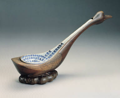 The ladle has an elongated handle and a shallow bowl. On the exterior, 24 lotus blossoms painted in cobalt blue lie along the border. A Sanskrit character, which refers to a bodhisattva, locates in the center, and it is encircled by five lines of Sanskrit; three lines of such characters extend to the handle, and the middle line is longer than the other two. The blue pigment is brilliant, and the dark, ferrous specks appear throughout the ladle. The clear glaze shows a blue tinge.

==

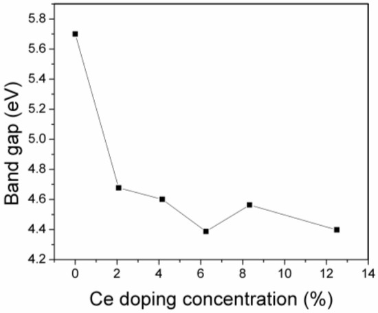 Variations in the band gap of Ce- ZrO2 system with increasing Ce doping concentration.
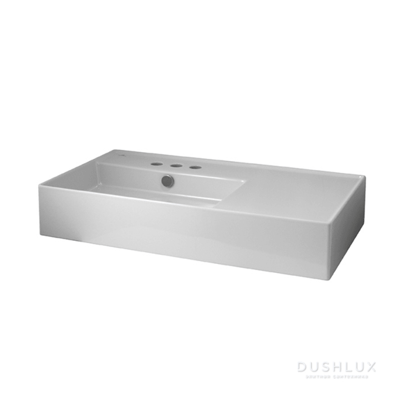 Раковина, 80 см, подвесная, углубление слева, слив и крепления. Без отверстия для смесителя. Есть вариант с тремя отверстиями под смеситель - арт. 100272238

==

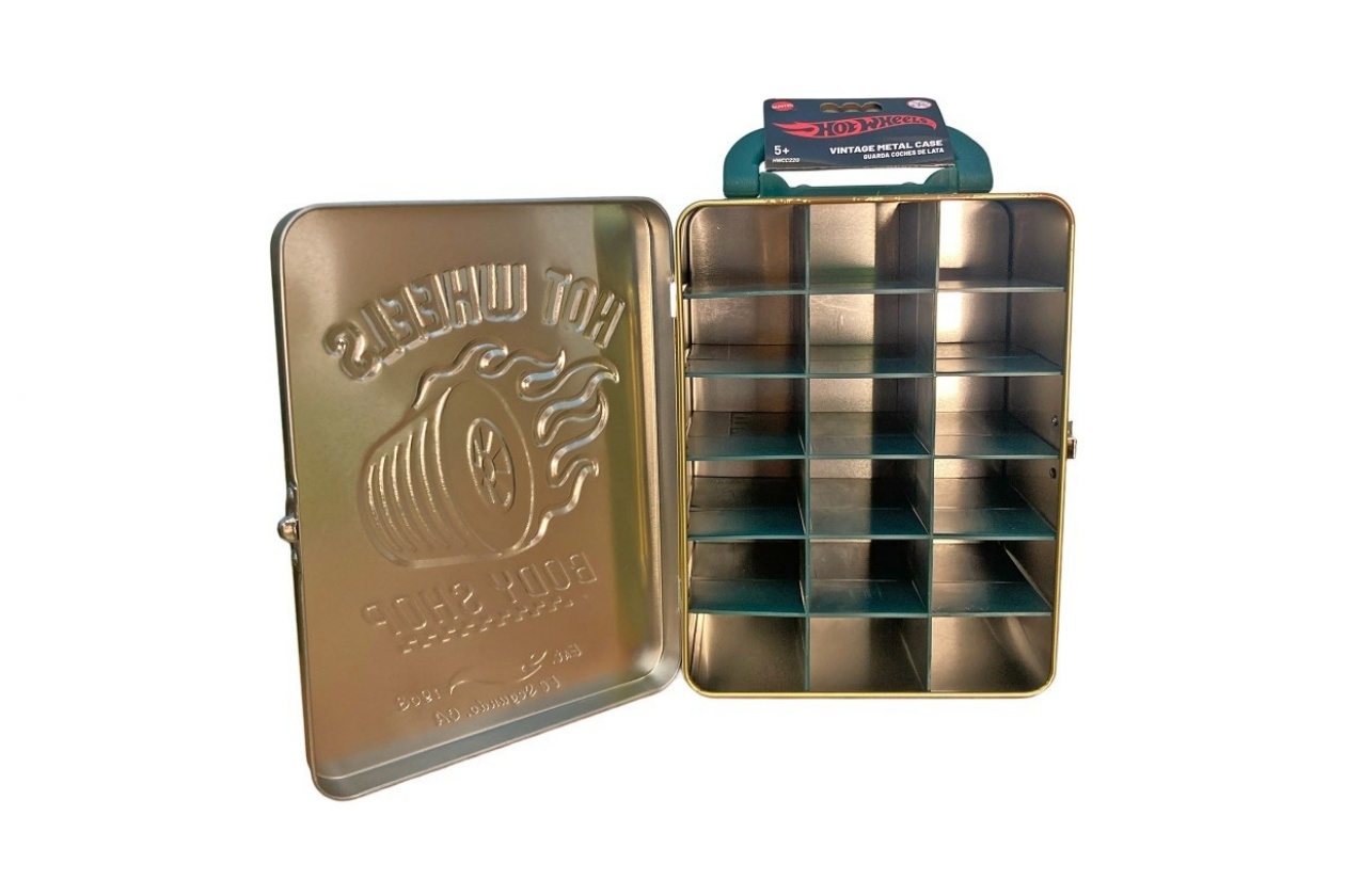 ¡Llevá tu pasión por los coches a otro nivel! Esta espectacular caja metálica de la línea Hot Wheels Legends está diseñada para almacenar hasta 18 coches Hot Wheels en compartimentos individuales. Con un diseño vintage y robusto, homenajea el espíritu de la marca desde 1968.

• **YOUR ASSIGNMENT**
Everything above from the line containing "Variations in the" through the line containing "Раковина, 80 см, подвесная, углубление" must be repeated exactly, and the pictures must be left out.

• **ANSWER SECTION**
 Variations in the band gap of Ce- ZrO2 system with increasing Ce doping concentration.
 Раковина, 80 см, подвесная, углубление слева, слив и крепления. Без отверстия для смесителя. Есть вариант с тремя отверстиями под смеситель - арт. 100272238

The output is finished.